The New Education Policy (NEP) 2020, introduced during the pandemic, intensifies the government’s project to communalise, commercialise and centralise education.

It was certainly hard to raise our protest during the pandemic, as traditional methods of political organising were not available. Nonetheless, we discovered alternatives and the hard times did not weaken our movement. Instead, it was made more creative and organised.

The Way Ahead

“Bring Back Classrooms” was one of the major campaigns that the SFI undertook during the pandemic. Many students were forced to drop their studies due to Covid-19, and a majority of these were women, Dalits and Adivasi students. The SFI needs to and will continue fighting fee hikes and discrimination unleashed in the name of caste, religion, gender etc.

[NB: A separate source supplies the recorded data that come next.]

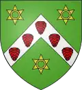D'azur à trois pommes de pin d'or, au chef de même ; écartelé de gueules au lion d'or.[Rivoire 12] |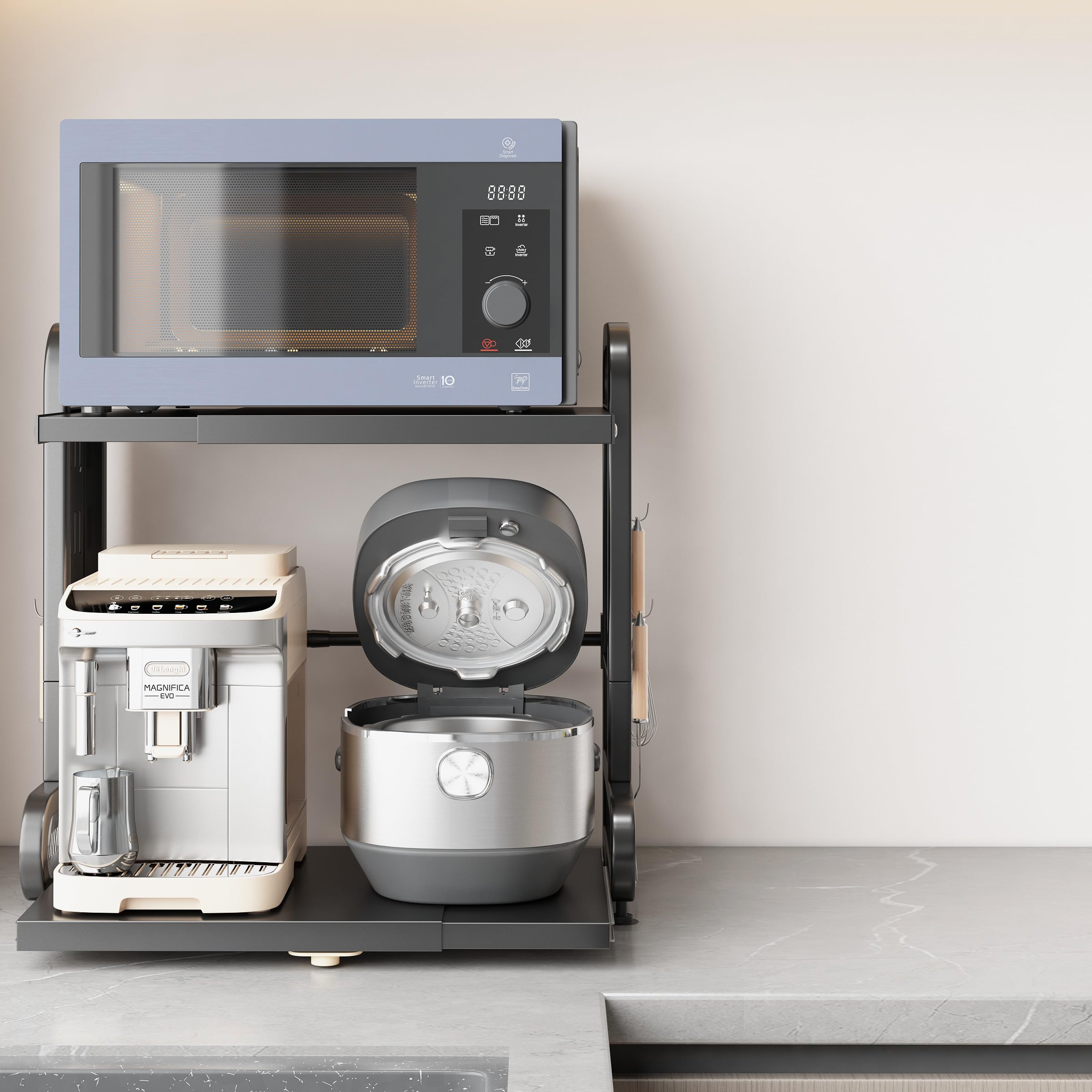 レンジ上ラック 伸縮式 幅38~62cm調節 トースターラック 電子レンジ 台収納 キッチン収納 高耐荷設計 フック6つ付き 組み立て簡単 底部の引き出し可能 2段(ブラック)
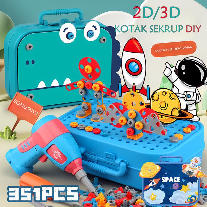 Kotak alat simulasi anak-anak merakit mainan / mainan pendidikan sekrup perbaikan bor listrik DIY mainan pendidikan unt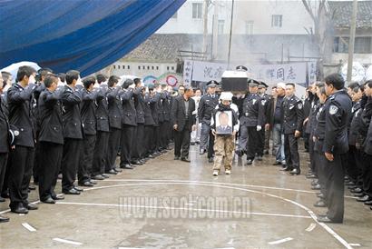 一個普通的社區民警因工作勞累突發心臟病,猝死在值班室,上千名群眾自發冒雨為這個他們心中的好民警送行。3月9日上午,蒙蒙細雨中傳來陣陣哀樂,四川合江縣公安局合江鎮派出所百花亭社區民警李正輝追悼大會在合江縣百花亭球場舉行。除了李正輝的戰友和親屬,黑壓壓的站在細雨中為他送行的是上千名社區居民。他們或臂戴黑紗、或手握白花,在李正輝的遺體前深深地鞠躬。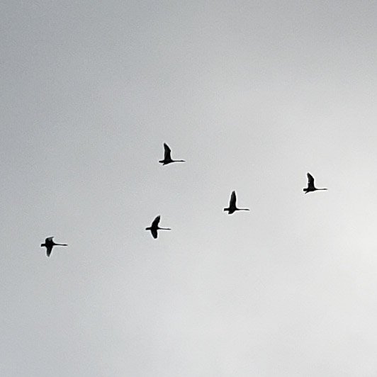 I noticed these swans flying overhead and managed to get my smartphone out fast enough to get a couple of pictures: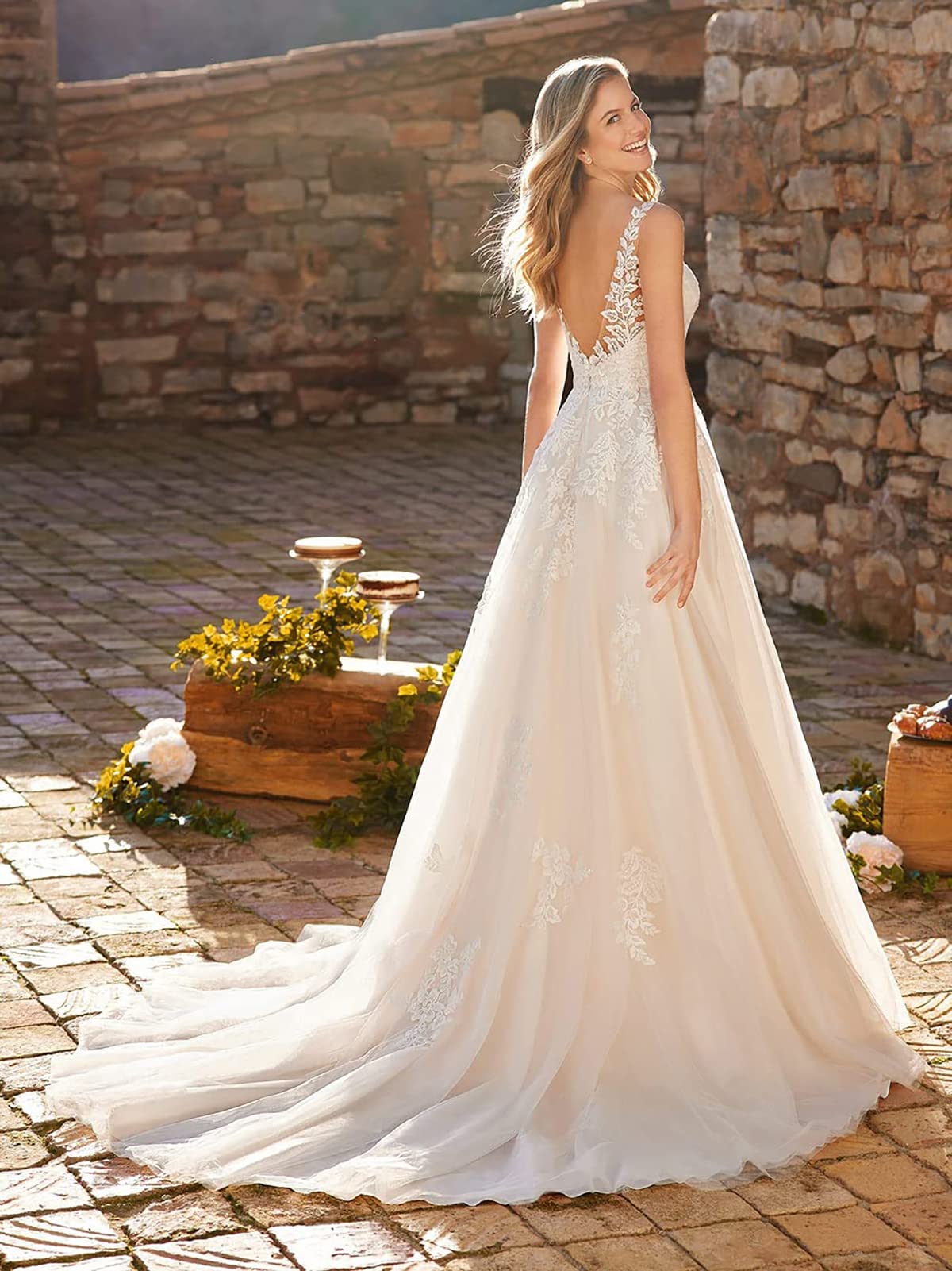The train is streamlined and neatly cut, and the length is in perfect proportion to the overall silhouette, allowing for a graceful flow when walking and a cascading, art-like drape when standing. Every detail showcases the craftsmanship of a couture wedding dress.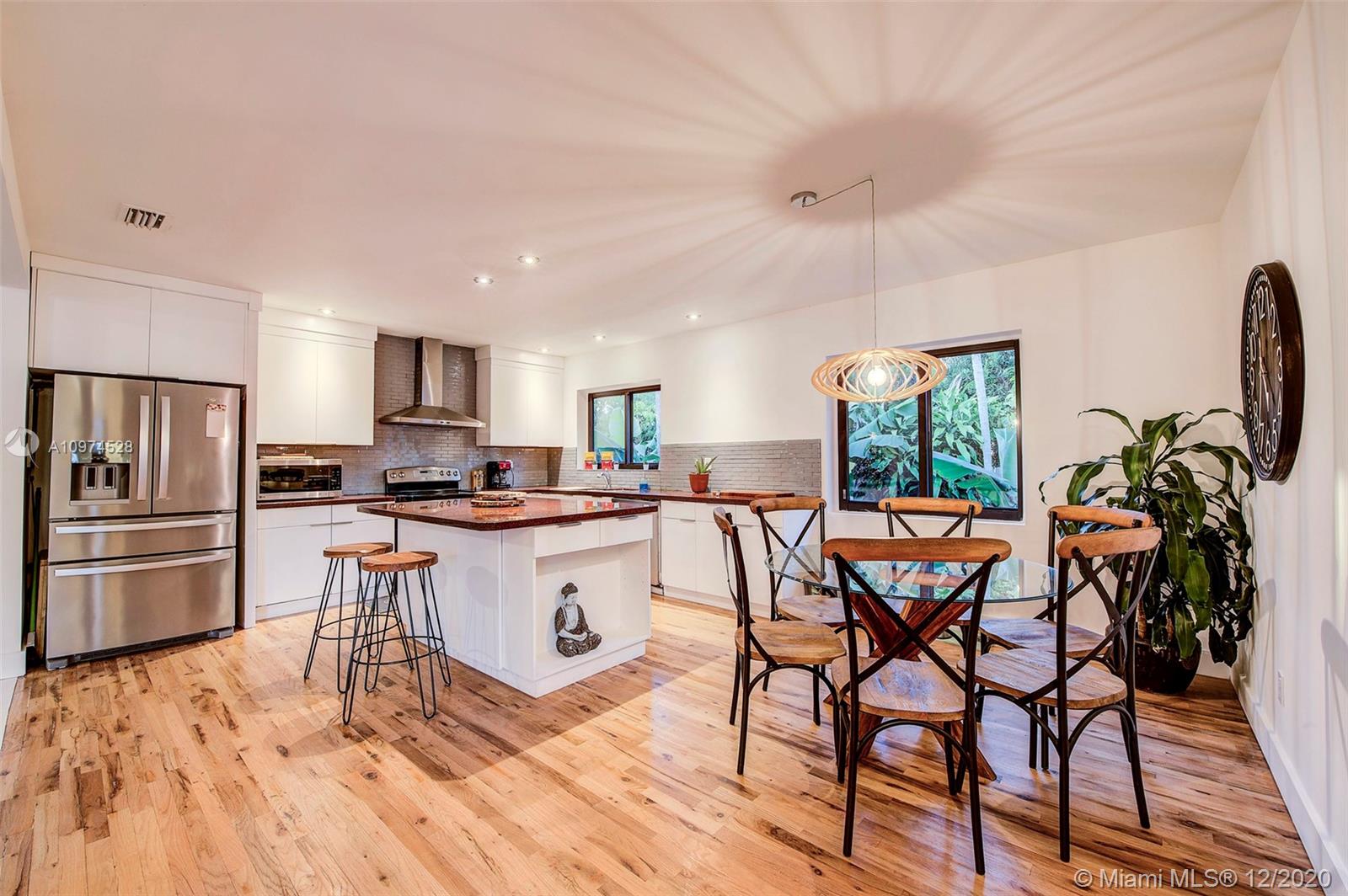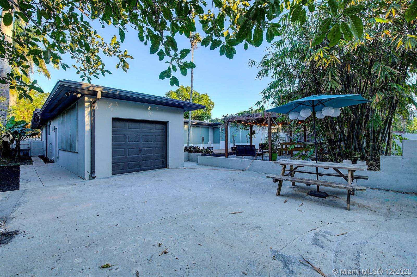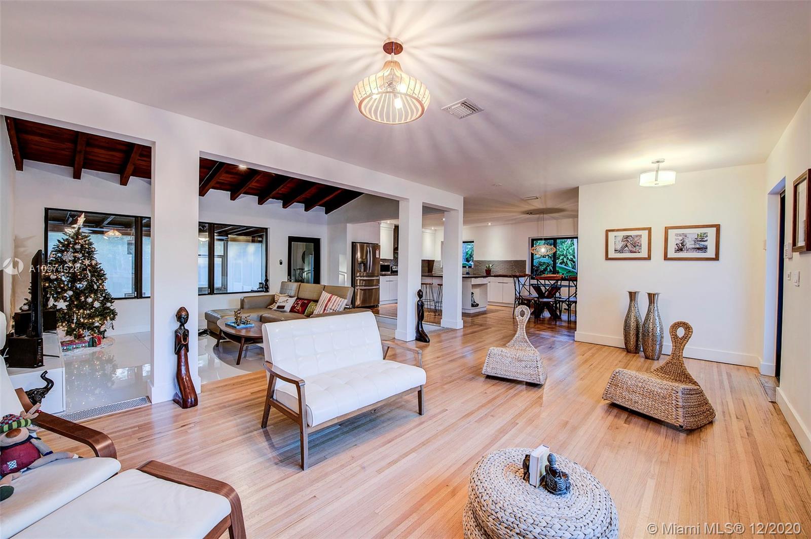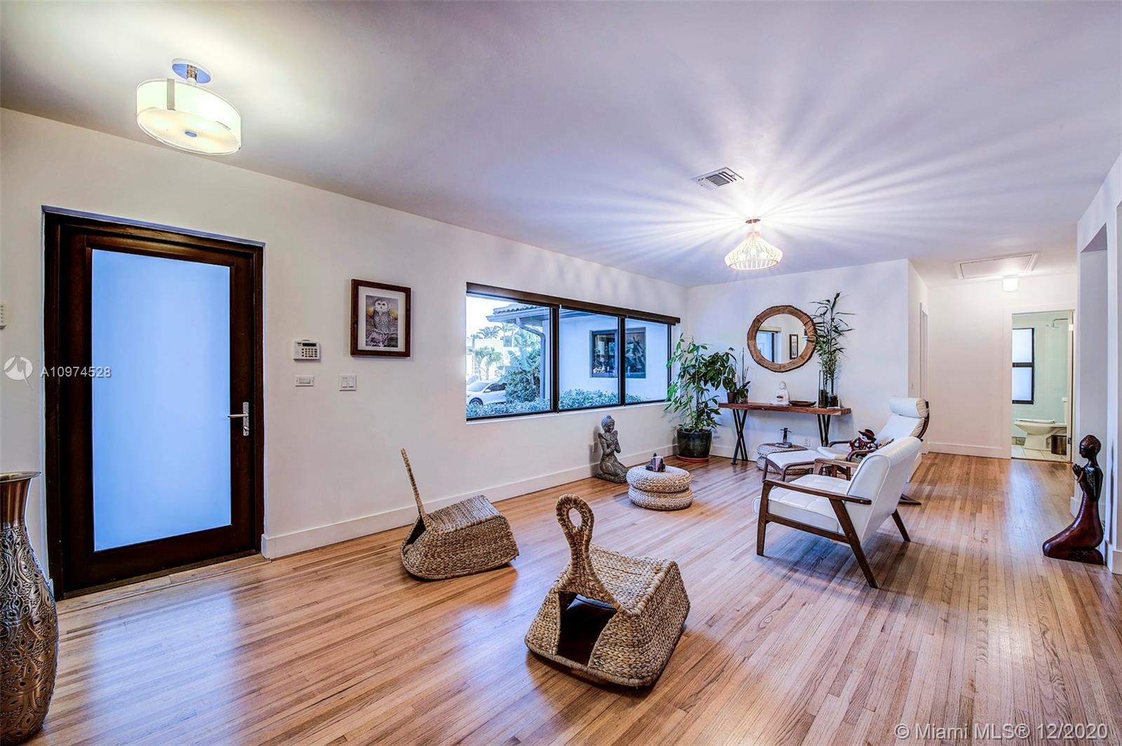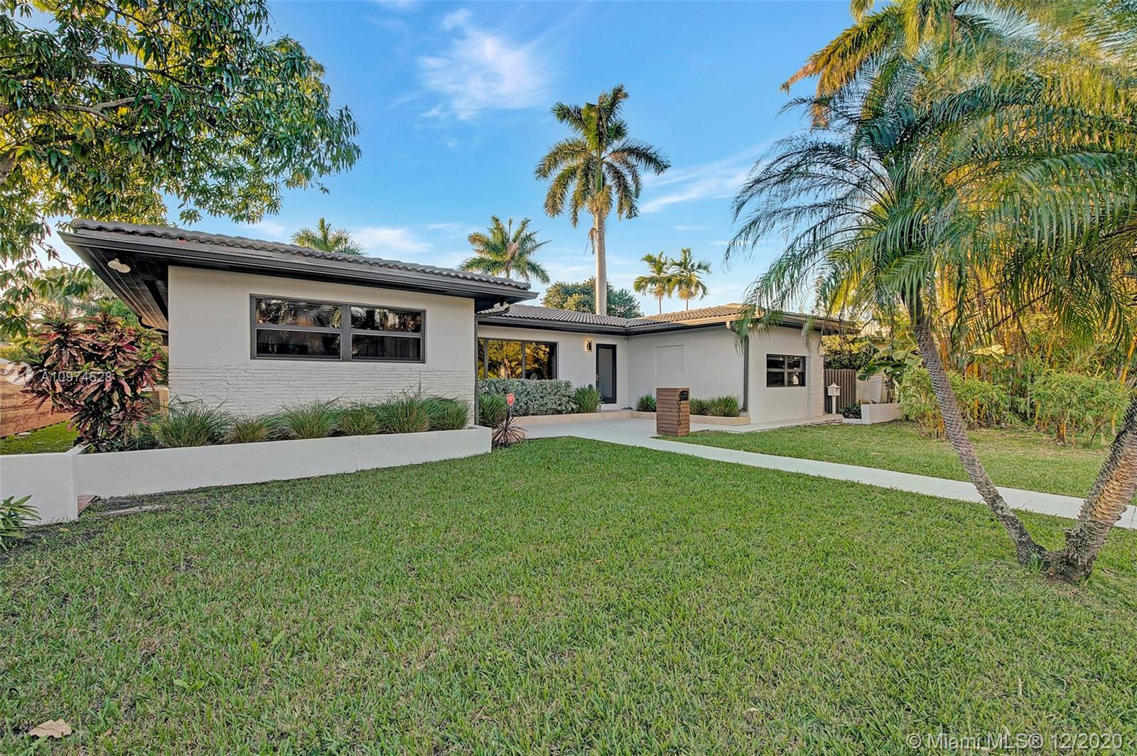 Stunning Move In ready House! 3/3 Mid Century architecture house. Chef's kitchen with a huge granite island, stainless steel appliances that are energy efficient certified. Hurricane impact windows, alarm, electronic gate ,modern w&d, new AC & water heater,Eléct blinds in all rooms, ring camera install. Studio & a separate entrance to potentially be an in-law suite, updated bath & spa tub. Slip Bedroom plan build w/permits in 1978 as per tax réc. HUGE garage space that accommodate 4 cars OR 2 garages + carport) space for BOAT in the back. Space could be transformed into large outdoor living room or outdoor dining room with/kitchen perfect for entertaining,screened covered porch,and so much more Quiet area located in north of MIA Shores Country Club..only one way into the neighborhood.

Even though we have expanded to newer areas in recent years, the SFI has to reach students engaged in the study of professional courses. The SFI must and will also focus on new and less focused areas like sports and environment. The organisation will make its presence felt in the ‘Hindi belt’ as well in the North East. From being the ‘organisation of organisers’, the SFI will be known as the ‘organisation of student masses’, by focusing on local issue-based sustained movements in such regions. Indian students in other countries too face multiple challenges. Recognising this, the organisation will try to set up units in more countries.

We need to be engaged in ideological struggles to unite students against the politics of hate. All of this will be discussed in further detail at the 17th All India Conference of the SFI taking place at Hyderabad, from the 13th to 16th of this month.


Mayukh Biswas is the General Secretary of the Students’ Federation of India (SFI) and the Chief Editor of Student Struggle.